Everybody loves their Granpa. :laughing: 

Besides that, you forgot more than most of these young guy's will know in the present or future. HMMMMM!!!!! You also forgot where you put your car keys. :whistling Let's not go there. :laughing:

What was your post count? :thumbup:

A vote for Leo is a vote for change.!!! :thumbsup:


----------



## Leo G (May 12, 2005)

I don't even own a car. The question is where did I put my truck keys. But I always know that, in my pocket, where they always are.

Question is where the hell did I leave my truck!!!

:laughing:

Did I just get nominated for president? :blink:


----------



## Seven-Delta-FortyOne (Mar 5, 2011)

I'd like to nominate KillerToiletSpider. :blink:




He's always so helpful, and above all, professional. :notworthy


:laughing:


:lol:


No, seriously, I'm nominating The Killer. :blink:







Delta


----------



## Kevin M. (Feb 28, 2010)

Leo G said:


> I don't even own a car. The question is where did I put my truck keys. But I always know that, in my pocket, where they always are.
> 
> Question is where the hell did I leave my truck!!!
> 
> ...


After you win June Contractor of the Month, you can be President. Jaw's is tougher to beat than Hilary. Stay focused. :thumbsup:


----------



## Eaglei (Aug 1, 2012)

I'd like to nominate fjn

True professional

Very knowledgeable in his trade (mason)

Quick to help out


----------



## brickhook (May 8, 2012)

Eaglei said:


> I'd like to nominate fjn
> 
> True professional
> 
> ...


I'd like to nominate fjn, also. He's a wealth of knowledge in our trade and he's very, very respectful and very helpful.

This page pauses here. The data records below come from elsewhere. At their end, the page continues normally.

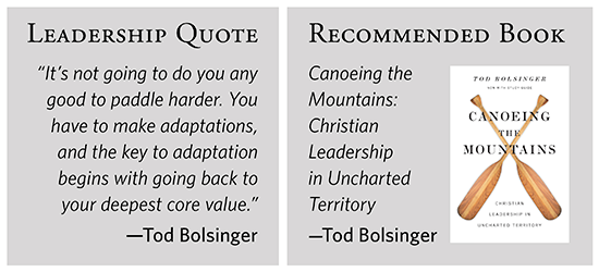 This column was inspired by Tod Bolsinger’s book, Canoeing the Mountains, one of the top five Christian leadership books I have read. As with all books, none of us will agree on everything an author says, but this is a must-read for all pastors.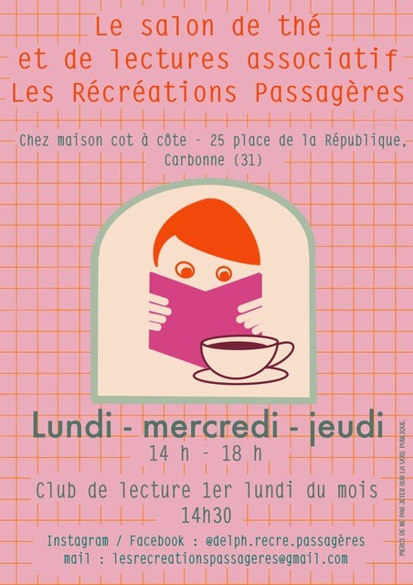 Le salon de thé et de lectures est ouvert aux mêmes horaires toute la semaine.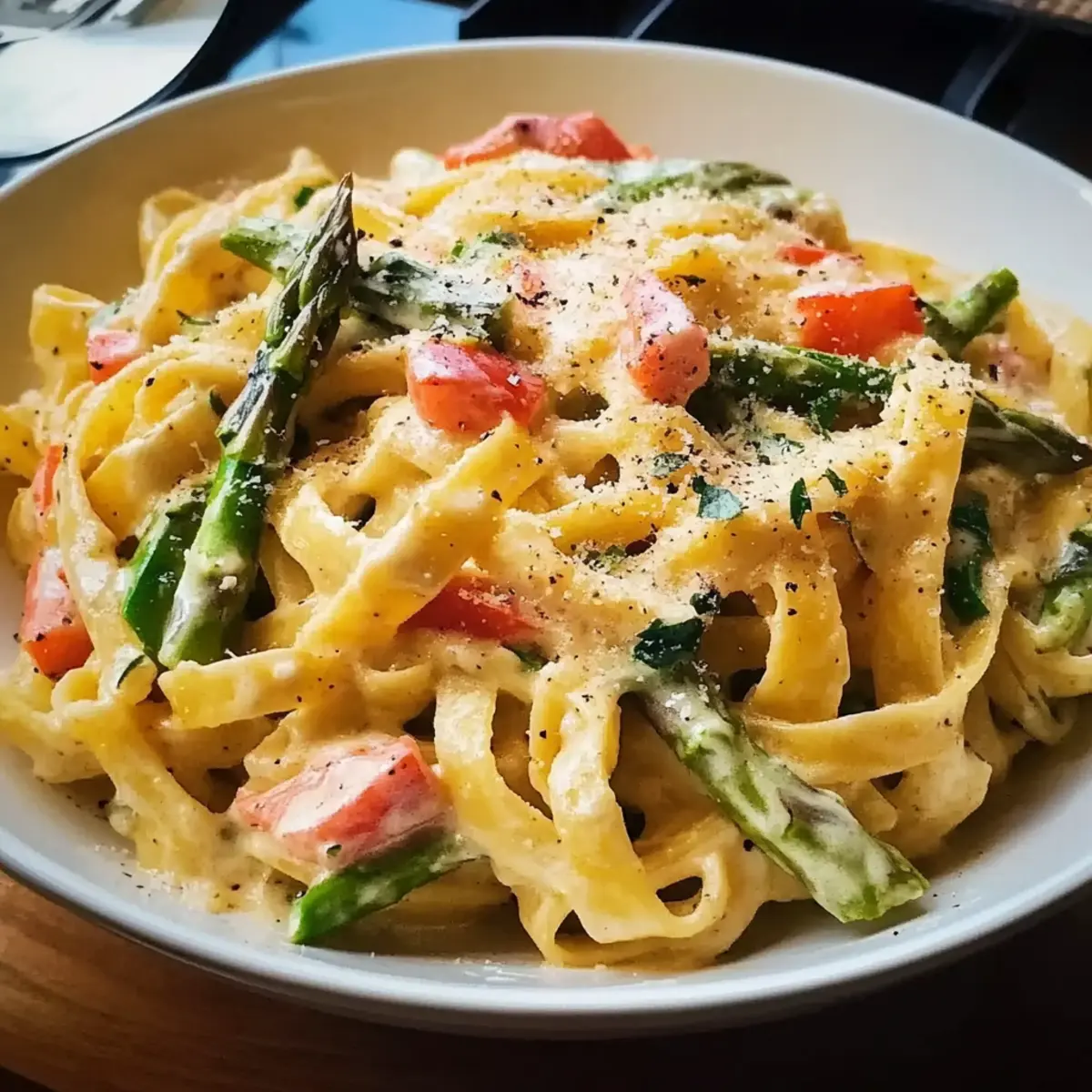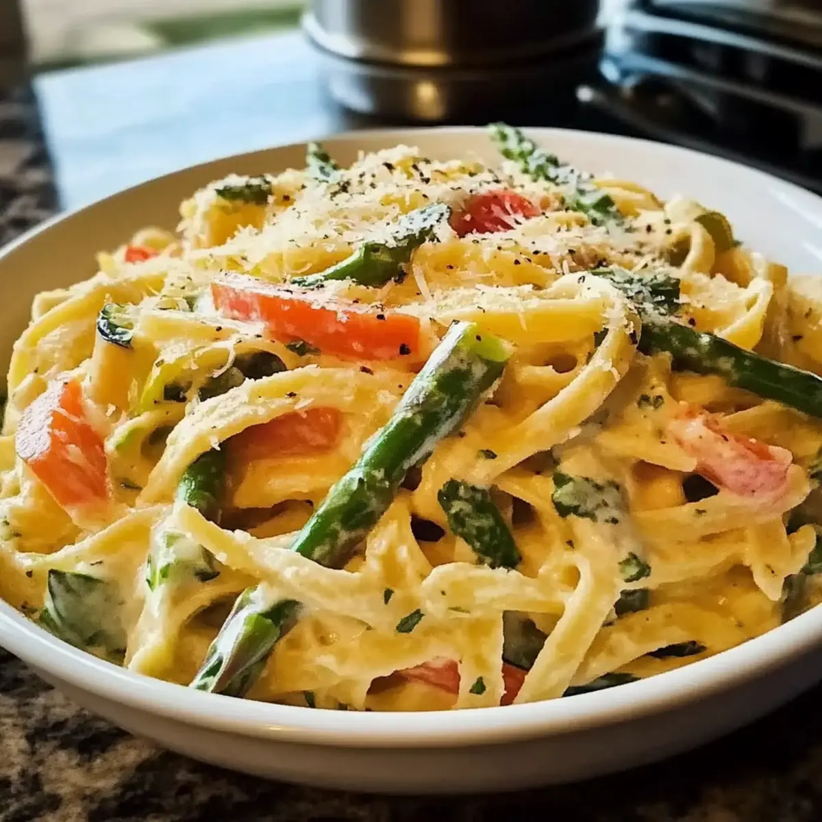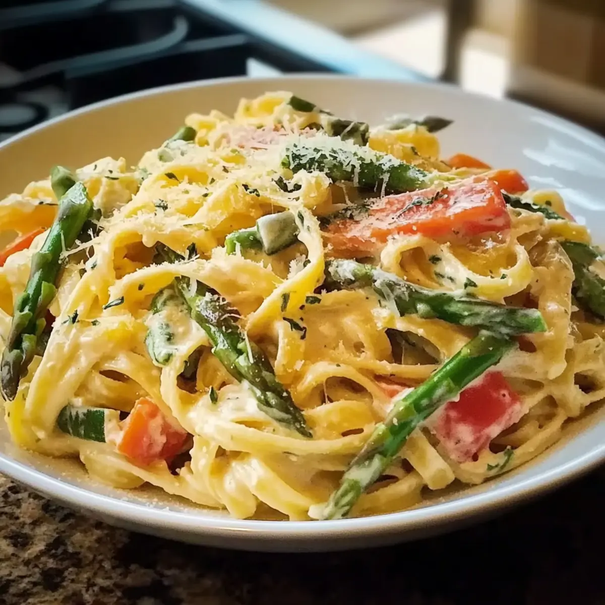 The first warm breeze of spring always stirs excitement in the kitchen for me. It’s the perfect time to whip up a delicious Pasta Primavera, where fresh seasonal vegetables take center stage, and a creamy Parmesan sauce envelops it all in warmth. This recipe is not just a feast for the eyes; it’s an easy weeknight dinner that fills your table with color and health. With its customizable nature, you can tailor the ingredients based on what’s in season, ensuring it remains a family favorite all year round. Plus, it’s a delightful way to introduce more veggies into your meals without sacrificing taste. What fresh surprises are you excited to add to your Pasta Primavera tonight? Why is Pasta Primavera a Must-Try? Seasonal Freshness: This dish shines with vibrant, fresh vegetables that celebrate spring, making every bite a delicious journey through the season. Creamy Indulgence: A luscious creamy Parmesan sauce brings comfort, perfectly coating each strand of pasta and enhancing the dish’s flavor profile. Quick & Easy: With just a few ingredients and minimal prep, it’s an ideal weeknight meal that can be ready in no time, leaving you free to enjoy your evening. Customizable Delight: Feel free to swap in your favorite veggies or add protein like grilled chicken or shrimp—this is a truly versatile dish. For other easy recipe options, check out Garlic Butter Steak or Garlic Parmesan Pasta. Family Favorite: From kids to adults, everyone loves it—making it a fantastic way to include more vegetables in your meals without complaints! Pasta Primavera Ingredients • Everything you need for this vibrant dish! For the Pasta Pasta – Use long-strand pasta like spaghetti or fettuccine for the best sauce adherence. For the Vegetables Asparagus – Adds a crisp, tender texture; blanch to maintain its bright green color. Carrots – Provide sweetness and vibrant color; they pair well with zucchini as a substitute. Bell Peppers – Contributes moisture and sweetness; any color works for a beautiful presentation. Zucchini – Enhances freshness and a slightly creamy texture in the dish; substitute with summer squash if desired. Fresh or Frozen Peas – Offers a pop of sweetness and bright green color; add towards the end for maximum vibrancy. For the Aromatics Garlic – Essential for a flavorful base; mince for a fragrant aroma. Shallot – Imparts a milder onion flavor; can be switched with yellow onion in a pinch. For the Sauce Heavy Cream – Creates the rich, luscious sauce you crave; half-and-half can lighten it up but avoid milk for less richness. Parmesan Cheese – Provides a nutty flavor; use freshly grated for the best melting quality. Lemon Juice & Zest – Brightens and balances the flavors in this Pasta Primavera; white wine makes a great substitute if needed. Seasonings Salt & Pepper – Use to taste, enhancing the natural flavors of the pasta and vegetables. Fresh Herbs (Parsley & Basil) – Fresh herbs lend a burst of flavor and freshness; perfect for finishing touches! Enjoy crafting this delightful dish in your kitchen; it’s sure to bring a smile to everyone at the table! Step‑by‑Step Instructions for Pasta Primavera Step 1: Prep Ingredients Begin by washing and peeling your vegetables. Chop the asparagus into 1-inch pieces, slice the carrots into thin rounds, and dice the bell peppers and zucchini. Mince the garlic and shallot, and ensure everything is prepped and ready to go. This will streamline your cooking process, allowing you to enjoy making your vibrant Pasta Primavera. Step 2: Cook Pasta In a large pot, bring salted water to a rolling boil. Add your long-strand pasta and cook according to package instructions until al dente, typically around 8-10 minutes. Reserve about 2 cups of pasta water before draining the pasta. Allow the pasta to rest in the colander while you move on to the next delicious steps. Step 3: Blanch Vegetables In the same boiling water used for the pasta, blanched the chopped asparagus and carrot slices for 2-3 minutes, just until bright green and tender-crisp. Carefully transfer the blanched vegetables into an ice bath using a slotted spoon; this stops the cooking process and maintains their vibrant color. Drain and set aside, ready to join your Pasta Primavera. Step 4: Sauté Aromatics In a large skillet, heat a mixture of butter and olive oil over medium heat. Once the butter melts, add the minced garlic and shallot, sautéing for 1-2 minutes until fragrant and lightly golden. Next, add the diced bell peppers and zucchini to the skillet, cooking for about 4-5 minutes until they soften but still retain a slight crunch for your Pasta Primavera. Step 5: Make Sauce Pour the heavy cream into the skillet with the sautéed vegetables, and bring the mixture to a gentle simmer for 2 minutes. This will create a creamy base that clings wonderfully to the pasta. Gradually stir in a little of the reserved pasta water, allowing it to emulsify with the cream, creating a rich yet light sauce for your Pasta Primavera. Step 6: Combine Everything Now it’s time to bring everything together! Add the drained pasta, blanched vegetables, frozen peas, grated Parmesan cheese, lemon zest, and juice to the skillet. Gently toss to coat the pasta, adjusting the consistency with more reserved pasta water if necessary. The colorful ingredients should meld beautifully, creating a delicious Pasta Primavera masterpiece. Step 7: Final Seasoning Finish your Pasta Primavera by stirring in a handful of freshly chopped parsley and basil for an aromatic lift. Taste, then season with salt and pepper to your liking, along with a pinch of red pepper flakes for a touch of heat if desired. Serve immediately, garnished with extra Parmesan for a delightful finish that your family will love. What to Serve with Spring-Inspired Pasta Primavera? Indulging in the vibrant flavors of spring with your creamy Pasta Primavera opens up a world of delightful pairings. Garlic Bread: This buttery

I'm very proud to call Fred a friend, :thumbsup:....


----------



## smalpierre (Jan 19, 2011)

I nominate inner10

Moron of the month right?


----------



## jaydee (Mar 20, 2014)

Instead of getting nominated.

how about random choices.

the moderators pick a subject for a 7 day period.
examples
Sunday, 1st person to post a pic.
Monday 1st person to welcome new comer
tues best new thread
wed most helpfully reply
thur best BBQ recipe
etc. etc.

only moderators would know the score until the weeks over.
then the top three are the nominees , we vote from there.


----------



## mikeswoods (Oct 11, 2008)

Pinwheel----for his quiet helpful pointers for the members,young and old--
and the example he sets---show me,don't tell me----


----------



## Tech Dawg (Dec 13, 2010)

I 2nd the nomination for Angus242


----------



## RobertCDF (Aug 18, 2005)

I nominate Pinwheel as well, class act for sure. 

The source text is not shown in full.